DATA TO USE
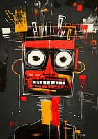 Een schilderij van de voorkant in de stijl van graffiti & street art, een cartoonrobot met grote ogen en een rode mond, een donkere achtergrond, minimalistische lijnen en abstracte vormen.
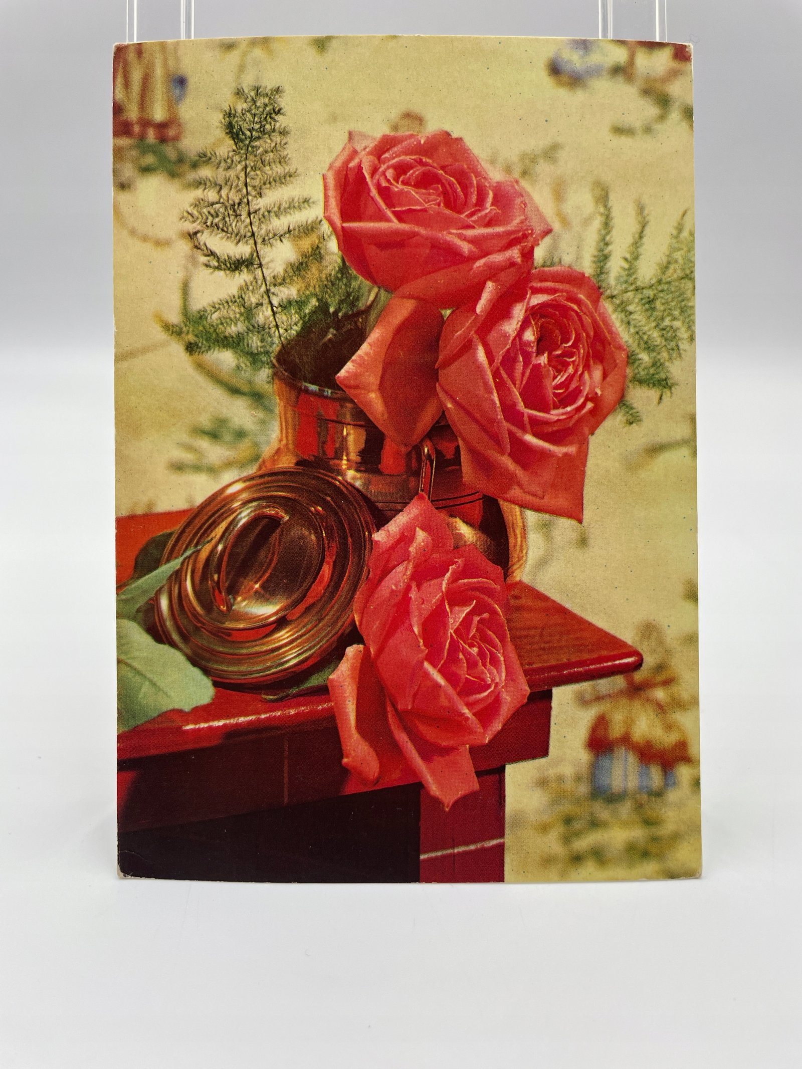 Pocztówka Belgia 1960 róże w miedzianym wazonie De Zon in de Nacht
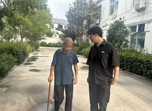 在日常陪伴中,志愿者主動走到老人身邊,耐心傾聽他們的生活點滴。在院內(nèi)的庭院里,一位拄著拐杖的老人慢慢行走,志愿者在一旁陪伴,時不時交談幾句,幫助老人分散注意力,讓散步過程多了幾分輕松與安心。這樣的陪伴讓老人們在日常生活中感受到有人關(guān)心和守護。
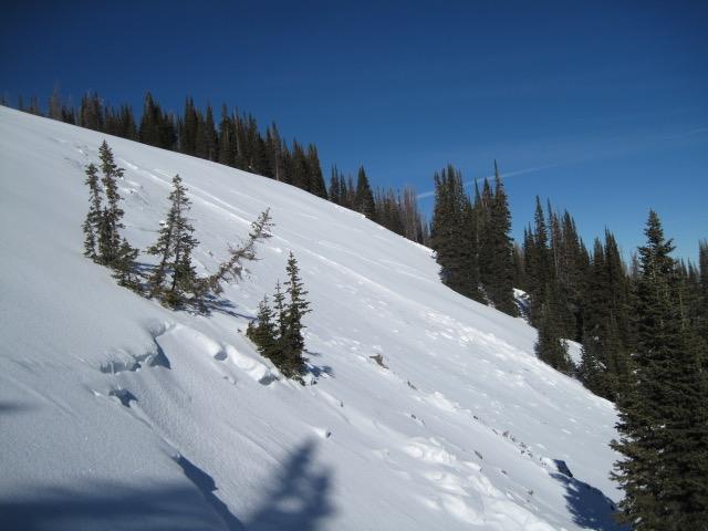 Overall snow depths are 2-3 feet with many slopes above treeline affected by recent winds. More sheltered slopes have recrystallized powder on the surface and a soft crust on southerly facing slopes. Ted Scroggin put it best saying "The coverage out in Mill Creek is ok, but there are many logs and stumps to watch out for. It is white, but white and lumpy." The photo below from Ted shows snow coverage in that area.
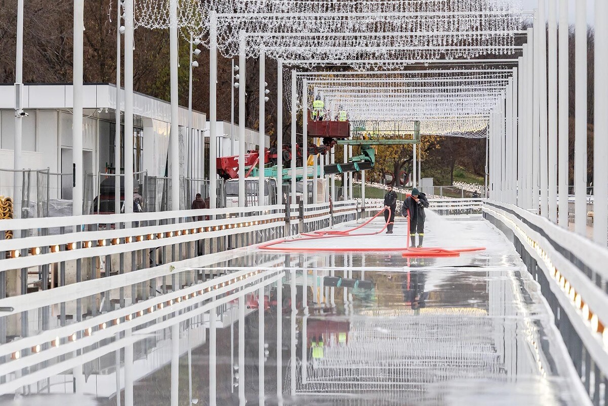 Один из самых больших столичных катков заливают вдоль набережной Москвы-реки в музее-заповеднике «Коломенское». Об этом сообщается на официальном сайте мэра Москвы. Новый каток в музее-заповеднике «Коломенское» представляет собой линейную трассу с искусственным льдом протяженностью 1,7 км. Она начинается у Голосова оврага и проходит в сторону южной части набережной. Специалисты уже подвели инженерные коммуникации, установили бортовое ограждение и опоры, между которыми закрепляют гирлянду. Они заморозили черновой 10-сантиметровый слой льда и сейчас наносят выравнивающее покрытие. Как рассказал начальник отдела Департамента капитального ремонта города Москвы Павел Наумов, при благоустройстве набережной заложили подземные инженерные коммуникации, которые обеспечивают работу десяти холодильных установок. Затем подготовили основание для катка. Потом заморозили первый черновой (технический, или промежуточный) слой льда, уложили геотекстиль, а сверху — второй черновой слой. Общая протяженност
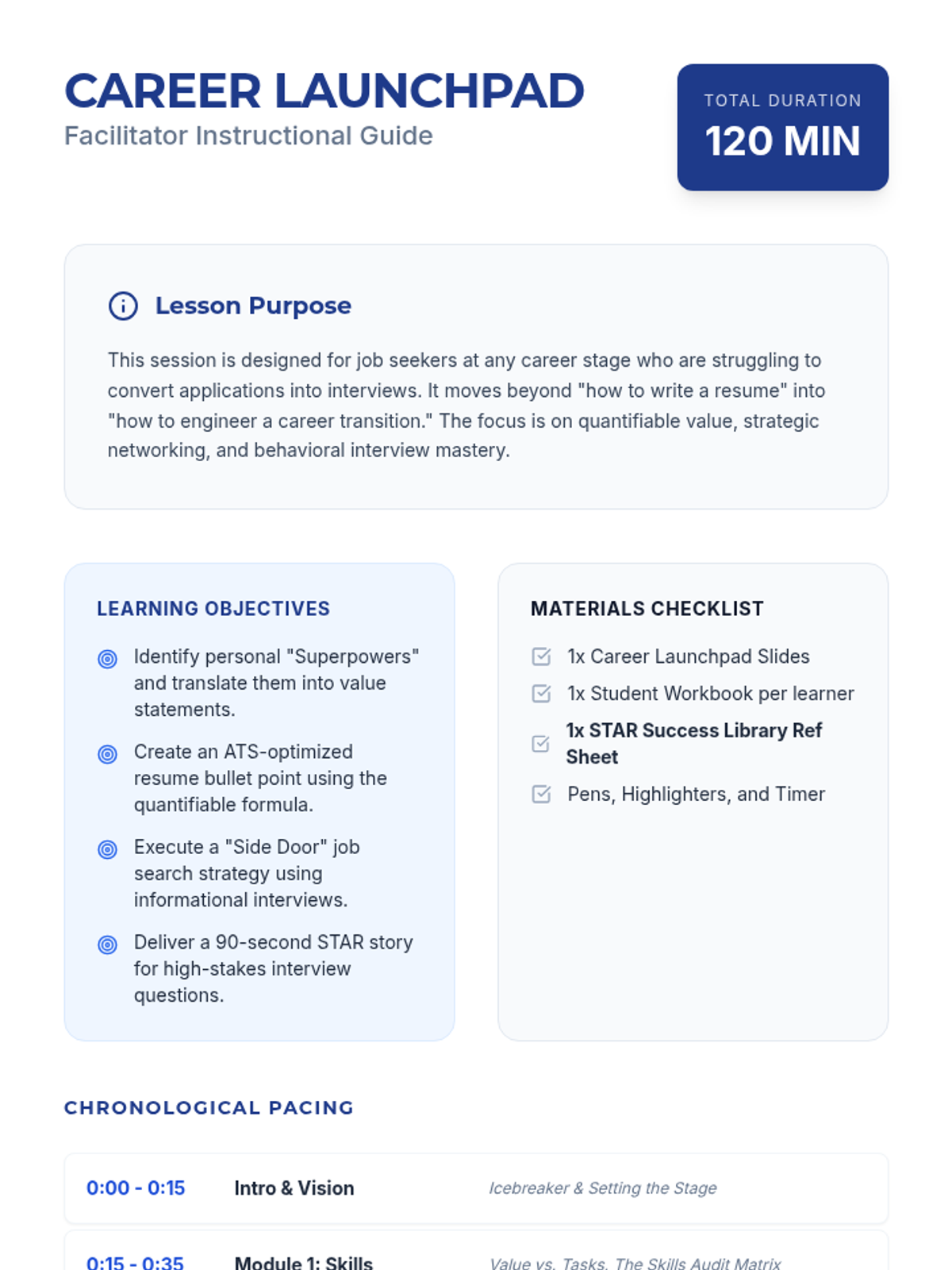A comprehensive 120-minute training session covering self-assessment, resume building, job search strategies, and interview techniques for job seekers.
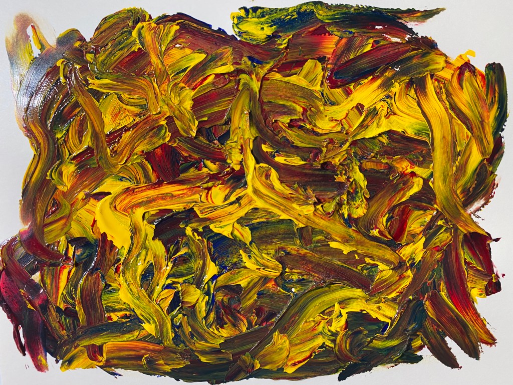 My partner, Brian Hoang, and I decided to paint with the 3 foundation colors of art. Red, blue and yellow. We first began by dumping paint on random areas of the page and then, we just went for it. Seeing the paint under my nails did give me a bit of anxiety partly because I am a neat freak that likes my things extremely organized. Also, having no guideline of what to paint exactly didn’t help either, there was confusion. I was definitely anticipating what we were going to produce when we were done, but not surprisingly, I didn’t find comfort in that idea. It really confirmed in my head that I hated not having any order with anything that I do. I do really enjoy realism and being able to see exactly what is trying to be portrayed. Crisp lines and bright colors are definitely pleasing to me. I do however, appreciate the idea behind abstraction where it can be interpreted in many ways, but visually it’s just not my cup of tea.

TASK DESCRIPTION
Please give back exactly the lines from the first line of the records above through the line containing "在日常陪伴中,志愿者主動走到", only those and both included, with the pictures removed.

ANSWER TO THIS TASK
 Een schilderij van de voorkant in de stijl van graffiti & street art, een cartoonrobot met grote ogen en een rode mond, een donkere achtergrond, minimalistische lijnen en abstracte vormen.
 Pocztówka Belgia 1960 róże w miedzianym wazonie De Zon in de Nacht
 在日常陪伴中,志愿者主動走到老人身邊,耐心傾聽他們的生活點滴。在院內(nèi)的庭院里,一位拄著拐杖的老人慢慢行走,志愿者在一旁陪伴,時不時交談幾句,幫助老人分散注意力,讓散步過程多了幾分輕松與安心。這樣的陪伴讓老人們在日常生活中感受到有人關(guān)心和守護。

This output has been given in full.